As World War II came to an end and America's nuclear bombing of Hiroshima and Nagasaki shocked the world, it became clear that the nascent Cold War would be as different a conflagration from WWII as that war was from WWI. Believing that the UK was extremely vulnerable to nuclear attack, it was quickly determined that only 'the threat of large-scale damage from similar weapons' could prevent a Soviet attack. And, thus, V-Force was born.
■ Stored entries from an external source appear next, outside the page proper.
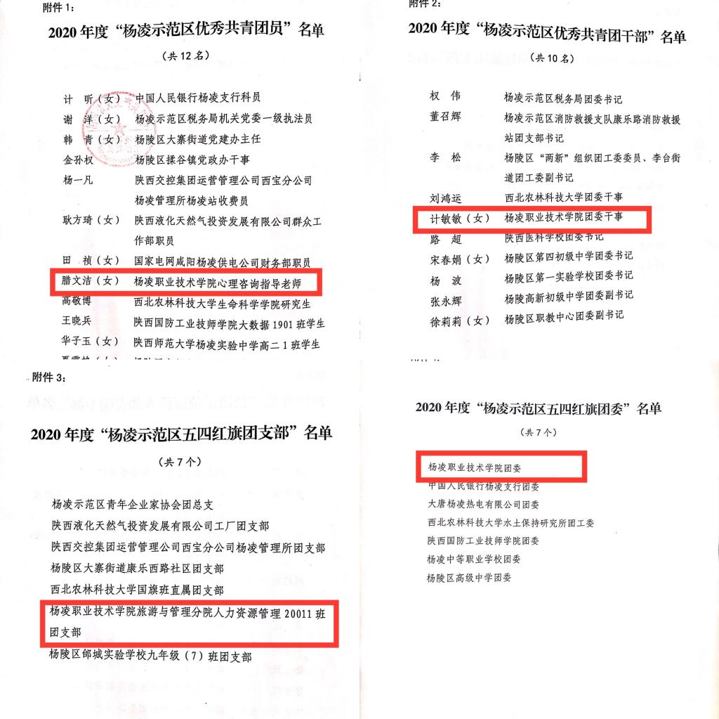 为表彰先进、树立典型,引导和激励广大团员、团干部和各级团组织奋发进取、再创佳绩,在五四青年节来临之际,共青团杨凌示范区团工委对示范区团员青年、团干部和各级团组织进行了表彰。校团委获2020年度“杨凌示范区五四红旗团委”称号,旅游与管理院人力资源管理20011班团支部荣获“杨凌示范区五四红旗团支部”称号;教师计敏敏荣获“杨凌示范区优秀共青团干部”称号;教师腊文洁荣获“杨凌示范区优秀共青团员”称号。
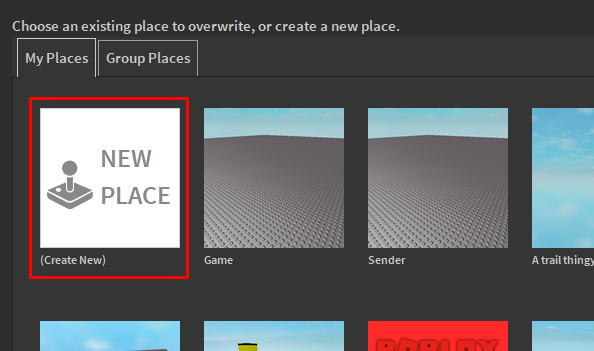This will create a private empty place. To change this, simply click Games on the sidebar and then click on the grey private button.
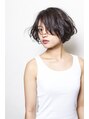 くせ毛っぽく毛先をいかしたボブ。重めなライン感を残しつつ、動きがでるようにカットしてます。ウエットな質感のスタイリング剤が相性抜群です。
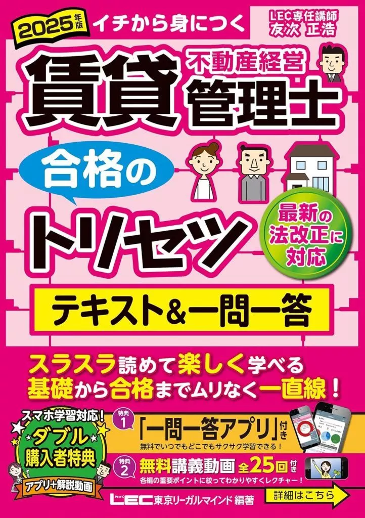 【賃貸不動産経営管理士】はLECにおまかせ!本格的なスマホ学習「一問一答アプリ」付き!NTTアドバンステクノロジ株式会社開発の本格学習アプリを採用。本書収録の一問一答の全問がスマートフォン、タブレット、PCなど様々なデバイスでいつでも演習できるので、学習進度と理解度が更に深まります!(アプリの利用開始日2025年6月1日/登録期限2025年11月15日/利用期限登録から6か月)『トリセツ』は、より学びやすく、より合格に近づけるような工夫をこらして作成しています。初学者・独学者もスラスラ読めてわかりやすい『トリセツ』で2025年度試験の合格を目指しましょう!---【購入者特典】全編無料講義動画 全25回本書の著者、友次正浩 LEC専任講師が、本書を使って重要ポイントを講義!講義の項目も著者自らセレクトし、受験生に伝えたい合格に必要なポイントが収められています。動画の内容は各編の重要ポイントに絞っているので手軽に学習できます!---【ココが POINT】・本試験をトコトン分析。最新の試験に合わせた編成で受験生の学習をサポート!・発刊後の最新情報も提供!新たに試験範囲になるであろう分野の情報は、専用サイトに掲載。発刊後も、新しい情報で安心して学習できるようサポートしますので、ぜひご確認ください!・初学者も安心!読みにくいと思われる語句にはふりがなをつけています。・出来る限り簡単な文章で執筆!専門的な言葉やわかりにくいと思われる語句は、用語集ページに言葉の意味を掲載しています。・出題実績から重要度を設定!効率的にインプットできます。・わかりやすい図解・イラストを掲載!イメージをつかみながら学習できます。・編ごとに一問一答を収録。力試しや学習の定着確認ができます。---【あわせて学習】過去問対策の学習には、同シリーズ『2025年版 賃貸不動産経営管理士 合格のトリセツ 過去問題集』をご利用いただくと学習効果が高まります。
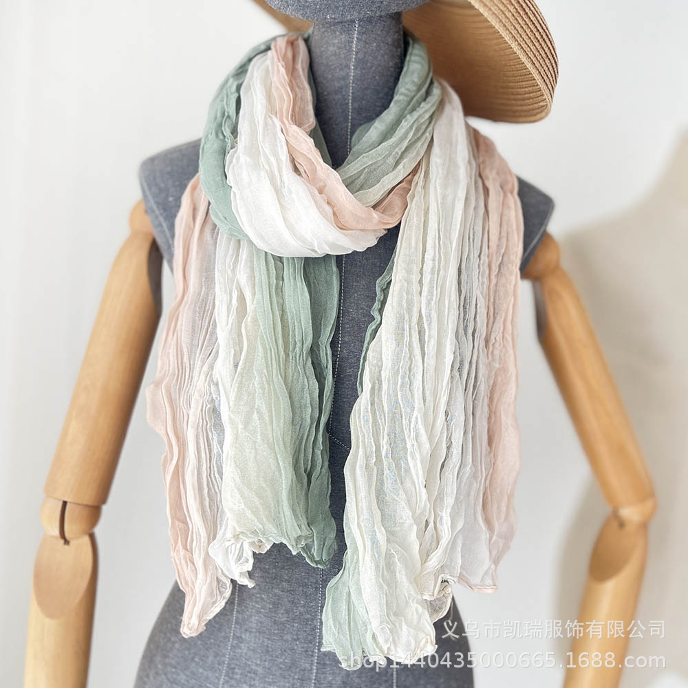 Новый шарф из хлопка и льна, ручной градиент, синий осенне-зимний шарф, винтажный Универсальный принт, Женская длинная Плиссированная шаль

Entered into service between 1955 and 1957, the three models of V class bombers that made up Britain's strategic nuclear strike force - the Vickers Valiant, Avro Vulcan and Handley Page Victor - were modern marvels of machinery. Capable of both high- and low-level attack with their slick delta wing designs, and supremely quick despite the massive bomb loads they carried, these aircraft were central tenets of Britain's nuclear weapons development.
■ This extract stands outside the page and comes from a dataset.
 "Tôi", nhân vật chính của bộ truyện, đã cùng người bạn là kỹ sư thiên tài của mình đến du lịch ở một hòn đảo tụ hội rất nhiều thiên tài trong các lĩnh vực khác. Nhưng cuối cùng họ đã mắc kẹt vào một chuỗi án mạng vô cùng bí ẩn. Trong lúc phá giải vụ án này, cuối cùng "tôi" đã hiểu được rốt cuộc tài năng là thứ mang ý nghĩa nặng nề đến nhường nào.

Despite a fall as precipitous as their rise when the Royal Navy took over Britain's nuclear deterrent role in 1968, like a phoenix from the ashes, the V bombers enjoyed a second life as conventional bombers: the Valiant gaining fame in the Suez Crisis; the Victors in the Indonesia-Malaysia confrontation, and the Vulcans undertook the longest bombing raid in history for Operation Black Buck in the Falklands Campaign of 1982.
V-Force is both an ode to these most resilient, beautiful and underrated of British aircraft, and a lens through which to view Britain's Cold War experience.